There’s a time and a place for a film like acclaimed director Alexander Payne’s Nebraska. It’s called Sundance. While character films are nothing new for Payne, Nebraska is certainly a change of pace—that of a crawling snail. While there are laughs to be found, especially when the two main actors are Will Forte and Bruce Dern, they’re pretty scattered throughout a slogging running time of nearly two hours. This is the kind of film that calls attention to itself being released in a limited run merely to try and scrounge up Oscar buzz. Ironically, the one person who actually succeeds here is June Squibb, playing Dern’s wife and Forte’s mother with one of the wickedest tongues this side of Kathy Bates.
Nebraska refers to the state’s capital city of Lincoln, which is where Woody Grant (Dern) is headed to on foot when he’s picked up by a police officer. Woody’s son Grant (Forte) retrieves him and takes him home to his wife Kate (Squibb). Woody explains that he was on his way to Lincoln to claim the $1 million he thinks he has won in a sweepstake. Kate and Grant know that it’s a marketing ploy, but after Woody takes off on his own again by foot, Grant decides to appease his father and drive him to claim his prize.
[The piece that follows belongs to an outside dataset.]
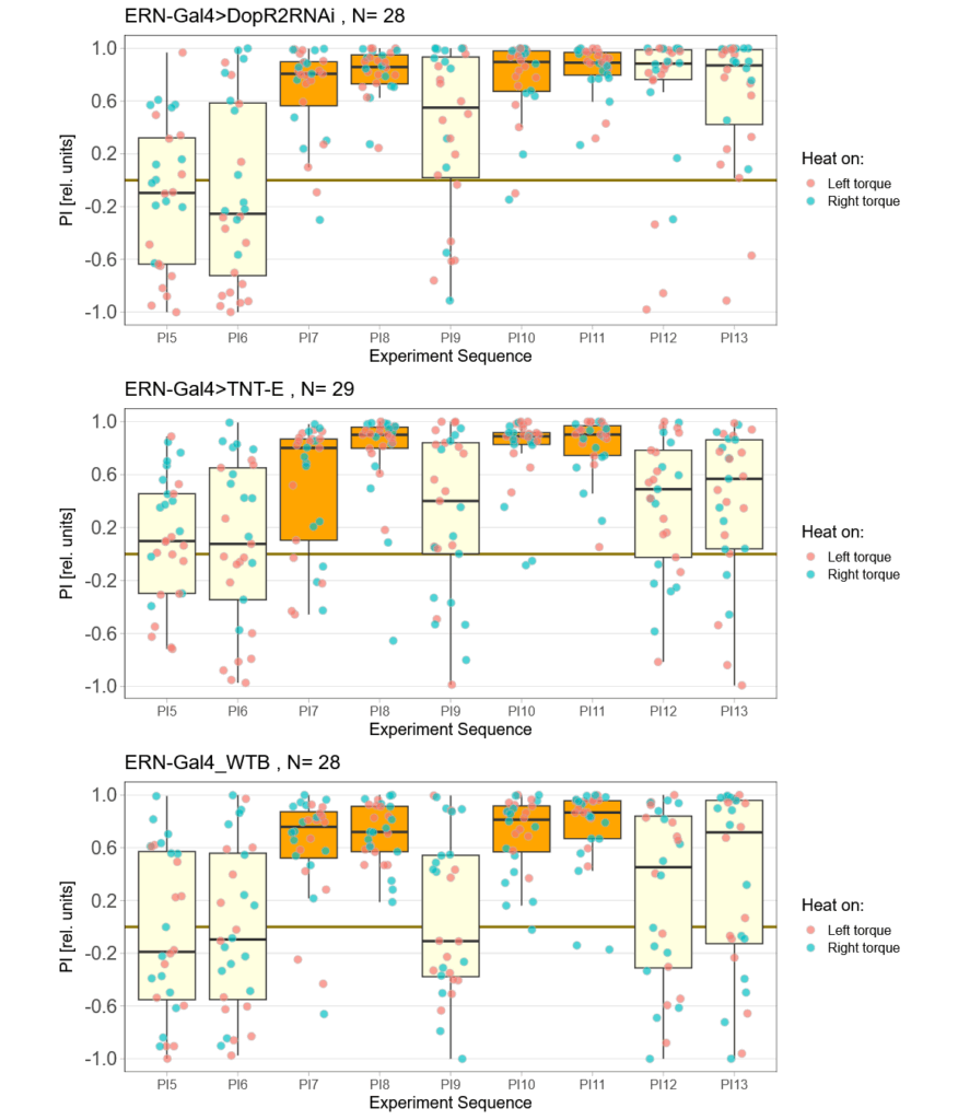 The TNT-E flies had a slight positive preference, worse avoidance (esp. in the first training period) and flew really bad. One could say they did have some learning deficits, but it doesn’t look as if learning was completely abolished (which is roughly what Andreas had found before):

Along the way, the two stop at Woody’s brother Ray’s (Rance Howard) house. Soon enough, the whole town is hearing about how a local boy makes good and wants a piece of the pie. Woody and Grant also meet up with Woody’s old buddy Ed Pegram (Stacy Keach), who feels like Woody owes him $10,000. Along the way, Grant comes to understand more about his poor father than he ever thought he would.
Another father/son film has come out this year that is superior to Payne’s efforts here: About Time. Both films have far different motives, but the biggest thing they have in common is that no one is going to see either of them—at least if About Time’s box office is any indication. Walking out of Nebraska, a colleague and I both felt like we’d walked out of a Press & Industry screening at Sundance. Thankfully, Payne’s cast makes up for the slog of a screenplay by Bob Nelson. Bruce Dern has already won Best Actor at this year’s Cannes Film Festival and the film was nominated for the Cannes Best Picture prize, the Palme d’Or. But I doubt we’ll see Nebraska vying for Best Picture at the Oscars.
Forte shows he can do more than the silly characters we’ve come to expect after being on Saturday Night Live and MacGruber, but Squibb steals the show. Her barbs come fast and furious and the most unexpected things spill forth from her verbal diarrhea. If anyone really stands a chance of being recognized at the Oscars, it’s going to be Squibb and Dern. This is their show and they both perform admirably. The funniest bit involves Ed singing Elvis Presley’s “In the Ghetto.” The film features a deserved payoff but takes way too long to get to it. Had Nebraska been shaved down by about 20 minutes to a half hour, it could have zipped along into greatness. As it stands, Nebraska is the type of film where you’re glad you’ve seen it—and you should—but will probably never watch again.